Something Must Have Happened

There are several weird old laws in Canada that must be there for a reason. For example, in Toronto it is illegal to drag a dead horse down Yonge street… on Sundays. All these guys dragging corpses around on weekends! It’s getting to be too much. In case you are disposing of a horse, pick another day.

In Alberta, it is illegal to set someone’s wooden leg on fire. Some things really should go without saying. It is a common enough problem (or prank?) that a dedicated law is necessary.

In Newfoundland, it is illegal to drive cows through the streets… after 8 AM. Make sure you do it in the middle of the night. (These laws about livestock seem to be simultaneously obvious and too specific to be useful.) Meanwhile, in Fredericton, it is illegal to wear a snake or lizard in public.

Finally, it is illegal to pretend to be a witch. Actually being a witch is fine.

To all the rascals who necessitated these laws, I take my hat off to you.

We Hosted a Sex Cult Over A Hundred Years Ago

After all, the state has no place in the bedrooms of this nation. Still, sometimes things can be taken too far, as they were by a gentleman named Edward Arthur Wilson in the 1920s. Since his own name was boring, he took to calling himself Brother XII (“Twelve”, not “Xeeee”). He started a commune on Vancouver Island and took money from his followers, while having sex with a variety of women because come on, what other reasons are there for leading a cult? He also claimed to be a reincarnation of Osiris. Eventually his followers got fed up with him and the Province tried to stop him, but the witnesses fainted in court and the judge made animal noises, allegedly due to Brother XII’s black magic (Y’all got a better explanation?). Eventually his organization was dissolved, but some loyal followers remained. Then he got a new mistress who called herself Madame Z. She turned out to be a sadist who forced his followers to work with a whip, and finally those last few turned on him. The two cult leaders then absconded with all the money to Switzerland, and Brother XII either died there or faked his death.

Feet in the River

Since the early 2000s, no fewer than 16 human feet have been found washed up on the shores of the Salish Sea in the west coast. They belong to various ages and sexes, and only five were identified (they belonged to 4 people).

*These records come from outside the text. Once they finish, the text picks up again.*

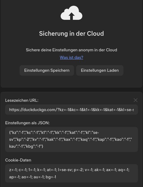 Ich zeige dazu keine Bildschirmaufnahmen, weil die Optionen sehr umfangreich sind. Dort kann man die Suche nach eigenem Gusto konfigurieren. Und jetzt komme ich zur Stelle, an der der Hund in die Pfanne springt. Wie speichert man die eigenen Einstellungen ab? Der Einstellungs-Dialog von DuckDuckGo bietet dafür mehrere Optionen: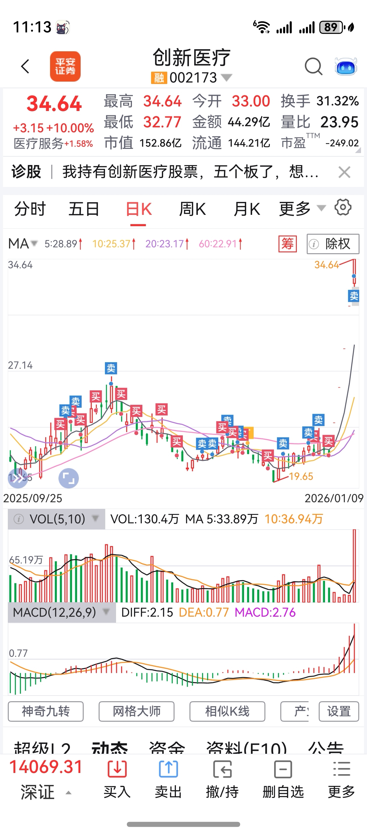 $创新医疗(SZ002173)$ 早上卖掉一部分了。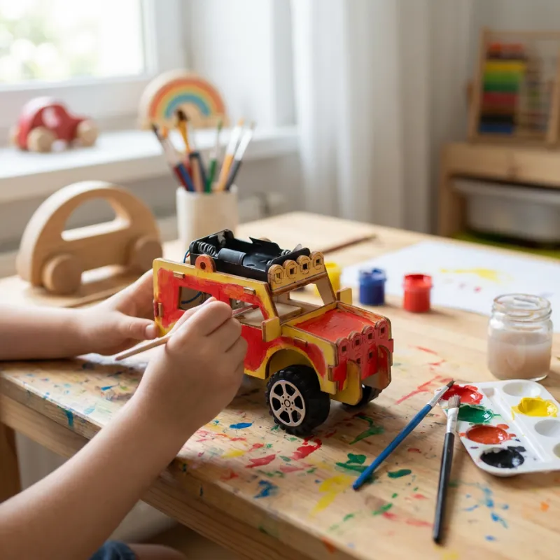 Construirea acestui model din lemn stârnește instantaneu entuziasm și curiozitate. Fiecare parte este concepută pentru a inspira gândirea practică și îndemânarea. Copiii se simt mândri când proiectul lor se mișcă și funcționează. Părinții se bucură să vadă cum abilitățile se dezvoltă chiar sub ochii lor.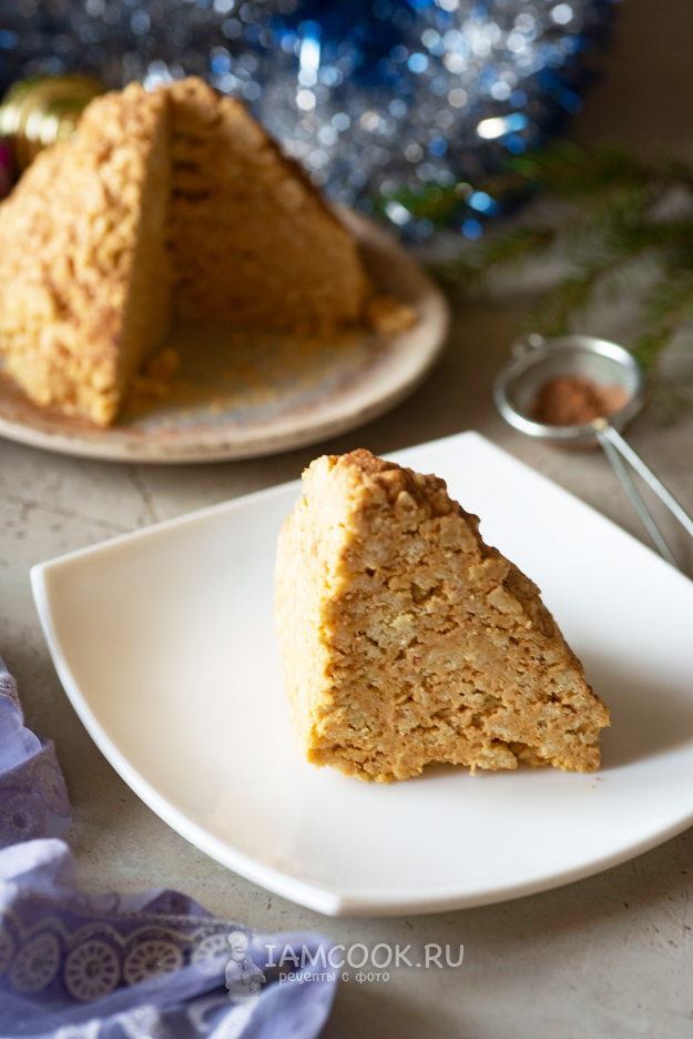 После холодильника классический торт «Муравьиная горка» со сгущенкой приобрел стабильную форму - можно подавать к столу и нарезать на кусочки. Приятного аппетита!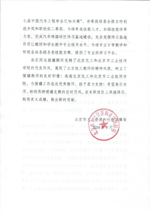 日前,北京市人力資源和社會保障局發(fā)來感謝信。對北京市工業(yè)技師學院教師高樂圓滿完成援疆工作表示誠摯的慰問和衷心的感謝!

Although it isn’t unusual for feet to come off decomposing bodies naturally, there are several weird statistical anomalies that make one suspect that it doesn’t come from the…normal…number of drownings? In the first place, sixteen feet in one area, and no other body parts. Secondly, and rather creepily, all but two of them are right feet. The two that are left make a pair with some of the other right feet. Still, what happened to all those other left feet? And the bodies? Why are these feet found so close together time-wise, when the last naturally separated foot of a drowned person was found in 2014? Is it a serial killer who only awakens every hundred years?

Some numbskulls also made hoax feet, with animal bones and meat and such, for God only knows what sick reason.

Surely, things would be better without these mysterious feet…

Dude Without Feet, Also Without History

In 1863, a small boy in Nova Scotia discovered a strange, swarthy looking man on the beach. Both of his legs had been surgically removed, quite well by the standards of the time, and he couldn’t talk. However, he could growl, which he did at people he didn’t like. The people called him Jerome, because he did make noises that sounded like that. Eventually, the people who found him decided to hand him over to the French-Canadians, on the grounds that he “looked Catholic” which is as good an excuse as any, and the French-Canadian village nearby took care of him for the rest of his life. They also charged admission for people to come and see him, and apparently made a lot of money that way. Doesn’t everyone want to gawk at some poor guy with no legs?

There are a lot of rather wild theories about who he was and where he came from, but no one knows to this day. Some say he was royalty, but that theory doesn’t really have a leg to stand on.